I need home help handling the new “PerformanceWarning: Falling back on a non-pyarrow code path which may decrease performance” reported by dask when running operations over some no pyarrow dtypes.
As far as I´ve read, pyarrow dtypes have better performance and lower memory consumptions! (that’s great!), but I am struggling to understand how do I convert my parquet/pandas dataframe to arrow types before running my operations!
sample dataframe
import dask.dataframe as dd
import pandas as pd
import numpy as np
dataframe = pd.DataFrame({
'status' : ['pending', 'pending','pending', 'canceled','canceled','canceled', 'confirmed', 'confirmed','confirmed'],
'clientId' : ['A', 'B', 'C', 'A', 'D', 'C', 'A', 'B','C'],
'partner' : ['A', np.nan,'C', 'A',np.nan,'C', 'A', np.nan,'C'],
'product' : ['afiliates', 'pre-paid', 'giftcard','afiliates', 'pre-paid', 'giftcard','afiliates', 'pre-paid', 'giftcard'],
'brand' : ['brand_1', 'brand_2', 'brand_3','brand_1', 'brand_2', 'brand_3','brand_1', 'brand_3', 'brand_3'],
'gmv' : [100,100,100,100,100,100,100,100,100]})

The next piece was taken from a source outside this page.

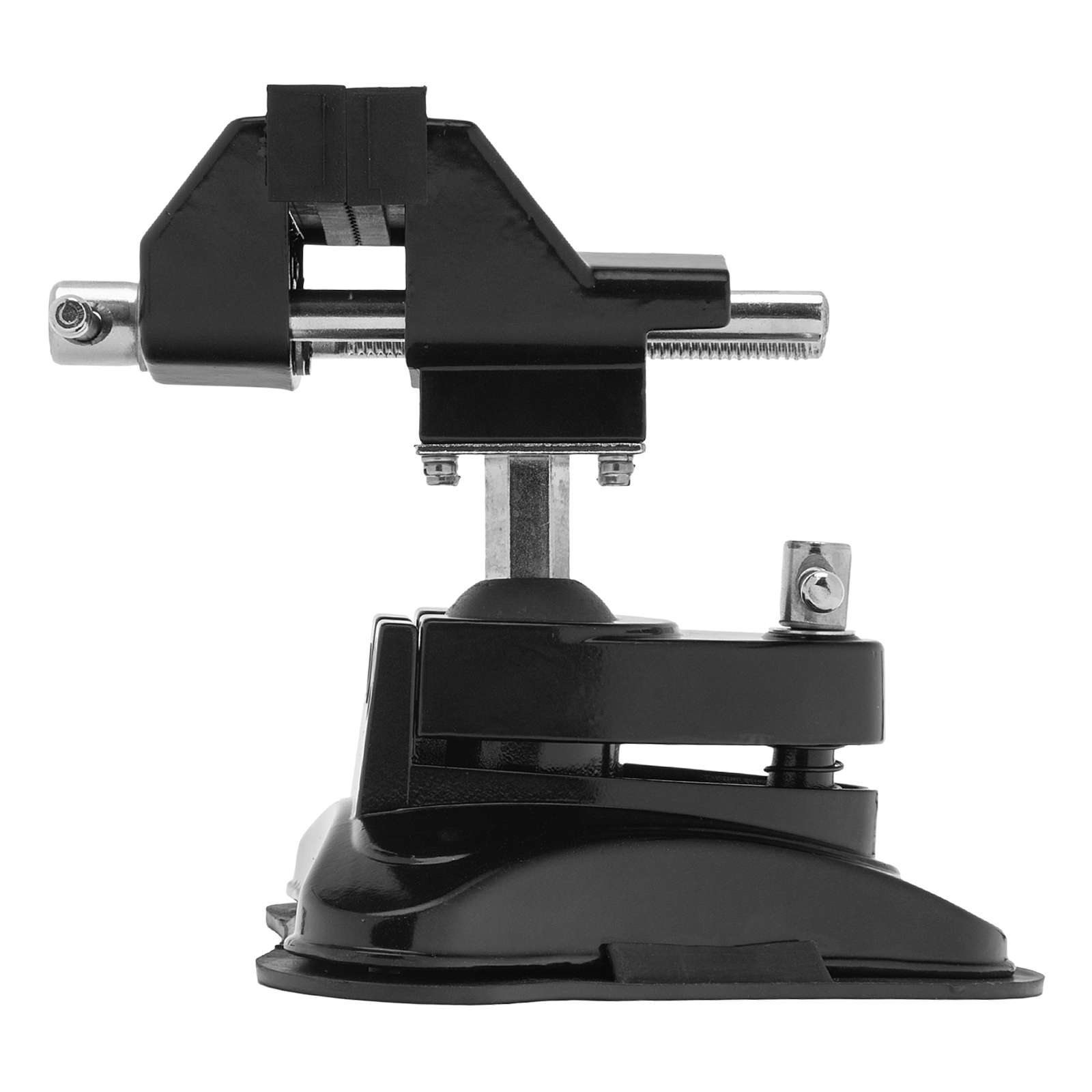 - Надежная фиксация на ровных поверхностях любого типа — тиски оснащены резиновой вакуумной присоской.
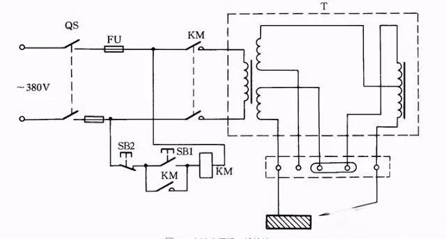 交流电焊机一般接法如图39所示。当合上刀闸QS时,按下按钮SB1,接触器KM得电吸合;松开按钮SB1时,KM自锁触点自锁,电焊机继续得电工作。当按下SB2时,电焊机停止工作。

dataframe = dataframe.astype({'clientId':'string','partner':'string','status':'string','product':'string', 'brand':'string'})
dataframe = dd.from_pandas(dataframe, npartitions = 1)
Now I run the str replace operation
dataframe['brand_test'] = dataframe['brand']
dataframe['brand_test'] = dataframe['brand_test'].str.replace('brand_1', 'PlayStation', case=False, regex = False)
and I get this warning for every single row in my DF.
c:UsersF3164582AppDataLocalProgramsPythonPython311Libsite-packagesdask_expr_accessor.py:102: PerformanceWarning: Falling back on a non-pyarrow code path which may decrease performance.
out = getattr(getattr(obj, accessor, obj), attr)(*args, **kwargs)
1) If I want, how do I silence this warning?
2) How do I “solve” this? Could I change the datatype to pyarrow string before the replace operation?
3) If pyarrow dtypes are so much better, how do I convert my hole dataframe to equivalent pyarrow datatype? Why does pandas/dask just does not convert it automatically?
Thanks in advance!